#### YOUR INSTRUCTIONS
Look through the entries below for the line with "Handgefertigt mit Liebe-Rosa-Typografie" and the line with "작곡가로 빌보드 100위 넣는 게 꿈이었다가", then give again exactly those two lines and all lines between them, minus the pictures.

#### SOURCE MATERIAL
■ ■ ■ ■ ■
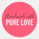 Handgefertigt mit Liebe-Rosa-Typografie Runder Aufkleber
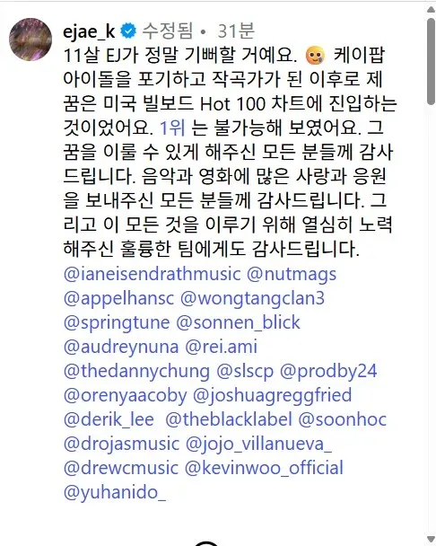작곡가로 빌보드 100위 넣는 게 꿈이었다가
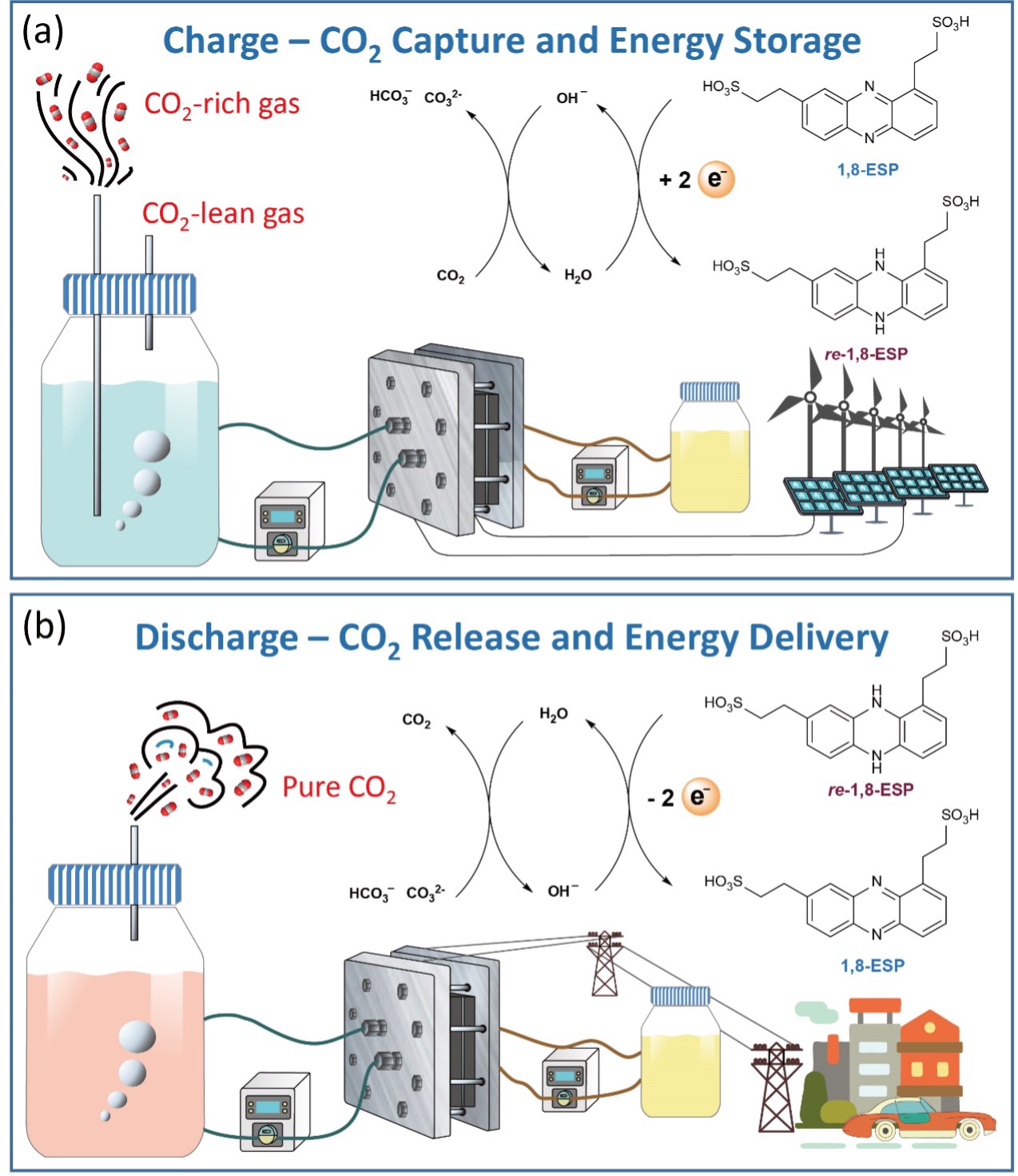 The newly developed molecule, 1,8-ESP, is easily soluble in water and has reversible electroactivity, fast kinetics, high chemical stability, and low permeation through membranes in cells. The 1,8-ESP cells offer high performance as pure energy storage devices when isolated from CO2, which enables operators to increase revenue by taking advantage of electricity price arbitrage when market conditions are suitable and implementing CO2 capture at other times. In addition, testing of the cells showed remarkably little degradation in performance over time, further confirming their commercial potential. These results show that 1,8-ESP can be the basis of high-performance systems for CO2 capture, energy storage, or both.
■ ■ ■ ■ ■
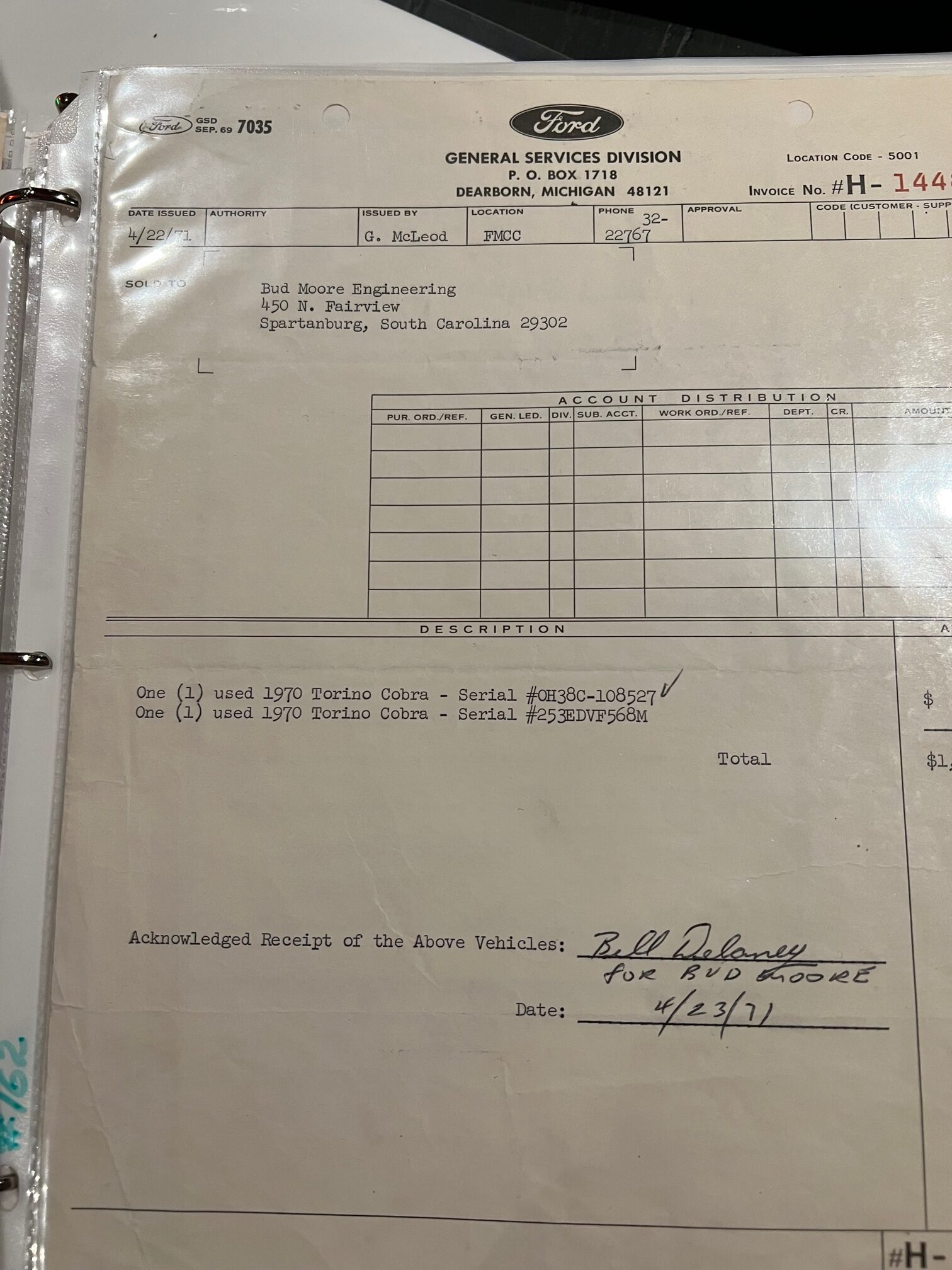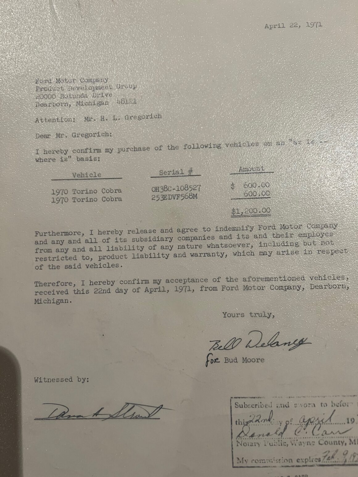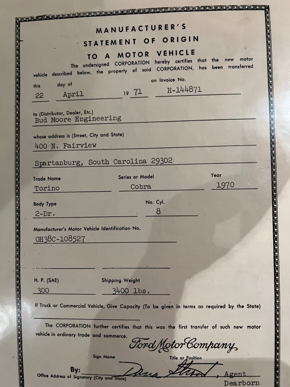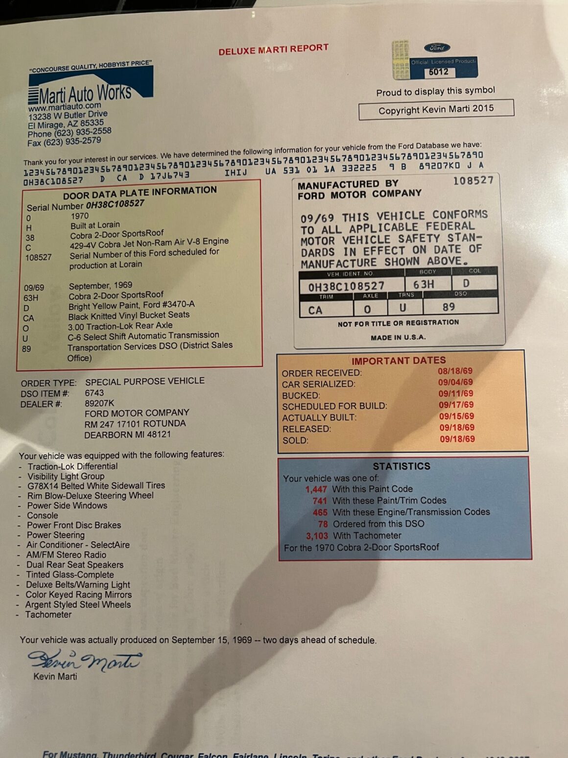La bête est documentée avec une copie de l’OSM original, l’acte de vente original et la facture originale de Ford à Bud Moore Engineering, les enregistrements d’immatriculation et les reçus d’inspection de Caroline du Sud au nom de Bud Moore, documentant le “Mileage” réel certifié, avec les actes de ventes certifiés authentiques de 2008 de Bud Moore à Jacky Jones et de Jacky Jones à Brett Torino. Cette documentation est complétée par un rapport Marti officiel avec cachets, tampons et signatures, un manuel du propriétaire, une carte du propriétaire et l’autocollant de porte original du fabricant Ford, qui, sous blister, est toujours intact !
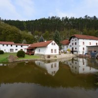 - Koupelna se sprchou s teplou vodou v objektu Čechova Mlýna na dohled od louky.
■ ■ ■ ■ ■
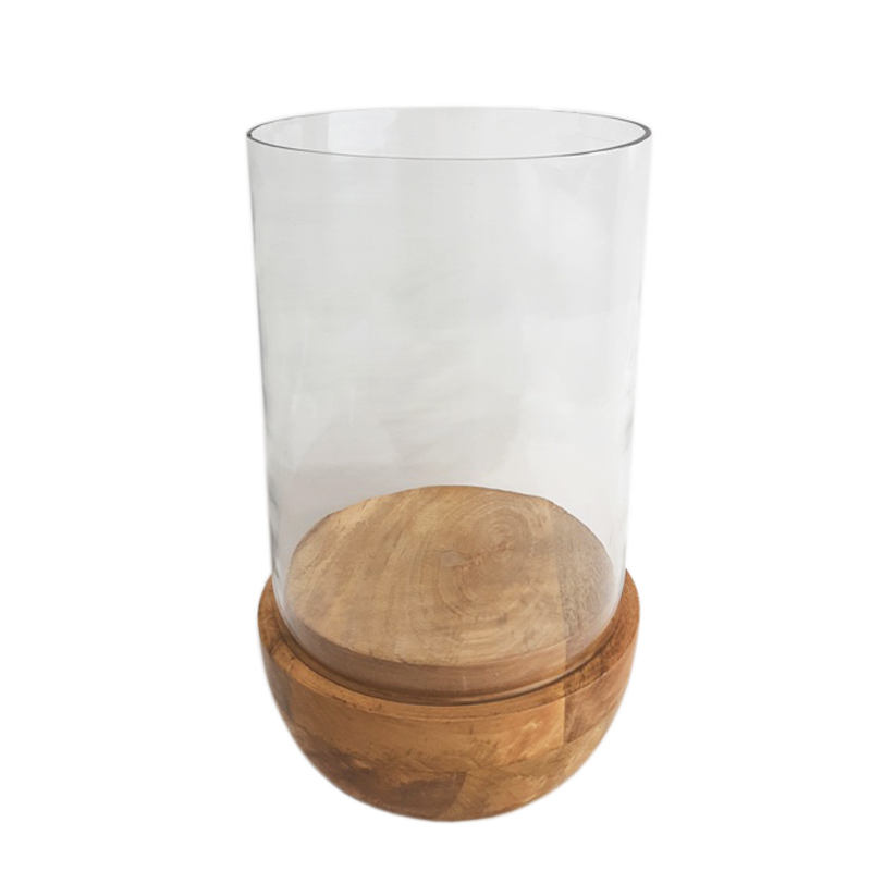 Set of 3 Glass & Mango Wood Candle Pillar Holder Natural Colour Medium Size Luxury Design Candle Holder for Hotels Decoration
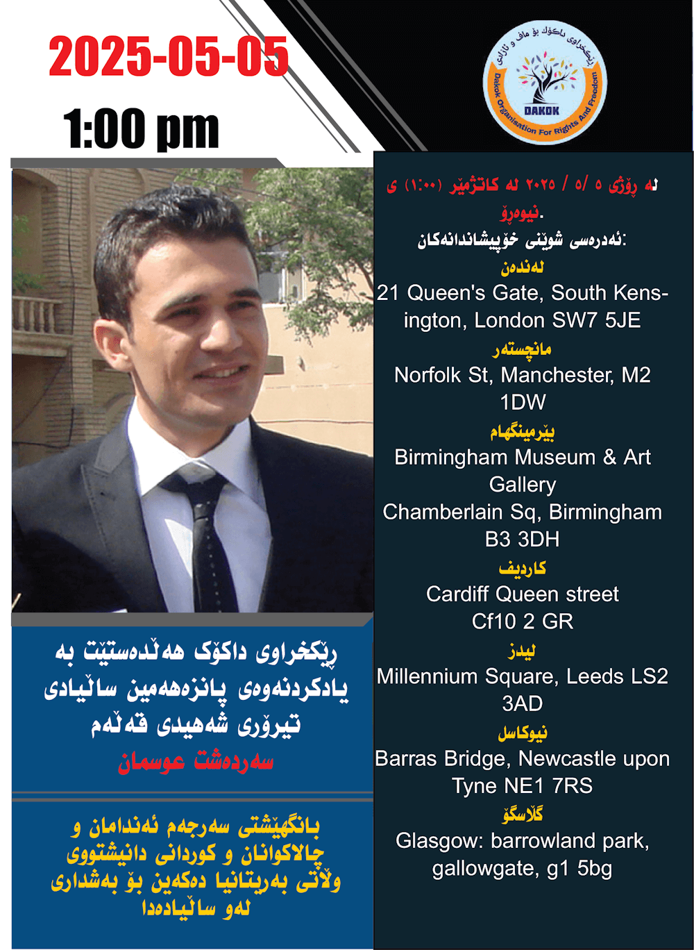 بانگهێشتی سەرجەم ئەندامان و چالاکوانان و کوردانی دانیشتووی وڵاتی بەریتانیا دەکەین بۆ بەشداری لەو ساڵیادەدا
■ ■ ■ ■ ■
#### EXERCISE SOLUTION
 Handgefertigt mit Liebe-Rosa-Typografie Runder Aufkleber
작곡가로 빌보드 100위 넣는 게 꿈이었다가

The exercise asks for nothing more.